Figure 1. Blue Velvet Poster Art

From curtain to curtain Blue velvet does not disappoint. While it is not difficult to understand many moments have one searching for ones inner fear, it could be the invisible entity that harms Jeffrey’s father, it could be Dorothy Vallens need to be disciplined or maniac Frank Booth’s horrifying drug habit. What begins as a tragedy completes as a lost sorrow with the audience trying to construct the characters untold futures.

•Directed by: David Lynch
•Written by: David Lynch
•Cast: Kyle MacLachlan as Jeffrey Beaumont, Isabella Rossellini as Dorothy Vallens, Dennis Hopper as Frank Booth, Laura Dern as Sandy Williams, Hope Lange as Mrs. Williams & Dean Stockwell as Ben
•Genre: Mystery, Suspense & Drama
•Duration: 120 Minutes (aprox)

Figure 2. "I found an ear...”

To say that Blue Velvet begins as anything but strange is an understatement. The viewer has not been in their seats for 5 minutes and already they are knee deep in the conspiracy of a lost ear which will send Kyle MacLachlan’s Jeffrey Beaumont into a tail spin of corruption. The film is only complemented by its imagery which is both bold & picturesque holding the very realms of reality in the shadows where the monsters lie. One is reminded specifically of the opening shot of the film where a camera pans from a blue sky to contrasted roses and a white picket fence, Groucho reviews observe:
“Lynch promptly whisks us off to Lumberton, U.S.A., a logging town ostensibly in North Carolina, but actually located somewhere in the Twilight Zone of the American psyche. Blue skies, white picket fences, a cherry-red fire engine with a smiling, waving rider, and better homes and gardens establish a picture-perfect suburbia moving forward in slow-motion calm.” (Groucho: 2011)
From this one could identify that the mere prescience of a picture perfect world conjures the feeling of the uncanny. The audience take in these contrasted objects of reality, too perfect to be anything but fantasy and yet our eyes roam seeking the imperfections to bring this world closer to home. The cherry red fire truck with the friendly fire fighter is quite possibly one of the stronger statements made by the films abstract chaos. One is forced to identify this with ones childhood personifications of “the friendly fire fighter”, “the trusting policeman” or “the nice ambulance man”. It is only when we grow up that we realise these personifications are not perfect – life is not simply black and white, there are shades of grey.

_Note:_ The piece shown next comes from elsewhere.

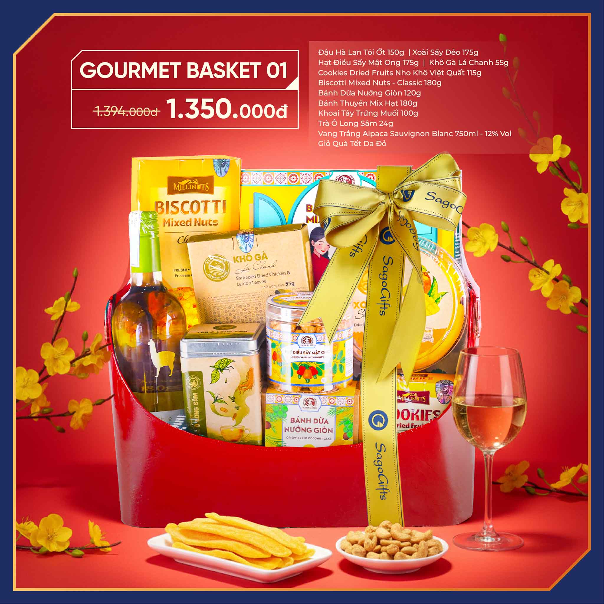 Dù là quà Tết dành cho gia đình, quà tri ân khách hàng hay quà tặng đối tác, Gourmet Basket 01 đều truyền tải thông điệp tích cực về sự gắn kết, lời chúc tốt lành và mong muốn đồng hành bền lâu.

Figure 3. "It’s a strange world isn’t it?”

The true nature of Blue Velvet is only made present when the harsh reality hit’s home after the opening illusion of perfection. It is from this that we are made aware to our own disbelief that corruption, perversion & evil in general are present in everyday reality. One simply cannot comprehend the atrocities particularly the sexual perversions (by Hopper & Rossellini) which harkens to the Freudian analogy of the demonic, leaving one contemplating the difference between the mechanical and the primal. One could say that the films biggest scare is when the conspiracy becomes reality causing one to accept that there never was a conspiracy this is how it is & how it always was. Reviewer James Kendrick of observes:
“Blue Velvet is not so much about the hidden violence and masochism beneath the surface of Norman Rockwell idealism, but rather how that violence is constantly bubbling to the surface and we are only deluding ourselves about its secrecy. (Kendrick, 2011)
One could say that what our Psyches have trouble digesting is the mere possibility of an underline evil to every good deed & picture perfect mies-en-scene. The viewer feels as though the world is trying to balance itself weighing the good with the bad. One could consider that evil in many cases happens in secrecy behind a lock & key but director David Lynch shows it clear as day, this causes the audience to question whether or not the truth was always there trying to make itself apparent, we were just unable or unwilling to listen which would undoubtedly manifest further in our repressed memories.

Figure 4. "I want you to hurt me.”

Throughout the course of Blue Velvet the audience are treated to a number of effects regarding “The Uncanny”. These occurrences are once again everyday realities that appear in close proximity, Dennis Hoppers Frank Booth is the primary instigator treating each obscenity as a demonstration of his power. One cannot help but reflect on one of the closing scenes of Blue Velvet in which our Protagonist Jeffrey stumbles into Dorothy Vallens apartment to find one man bound with an ear missing while another stands gazing as blood drips from his head. The frights continue as a spontaneous movement erupts from the standing mentally brain dead Mike, respected psychoanalyst Sigmund Freud observes:
“...He adds to this class the uncanny effect of epileptic seizures and the manifestations of insanity, because these excite in the spectator the feeling that automatic, mechanical processes are at work, concealed beneath the ordinary appearance of animation.” (Freud, 1919: 135)
What is certainly at fault here is our psyches disbelief that a man standing can be absent in any way shape or form. Mike’s body has not fallen to the floor; he is a standing corpse which has just spontaneously moved. From this scene alone one fears the idea of the living dead with the mentally deceased Mike leaving behind a mechanical counterpart not man of mind just matter. The audience is therefore left with this fear that the body is still alive and yet at the same time the man in which animates that body is no longer alive.


List of Illustrations

Figure 1. Blue Velvet Poster Art. (com) [Online image]. At: (Accessed on: 15/01/12)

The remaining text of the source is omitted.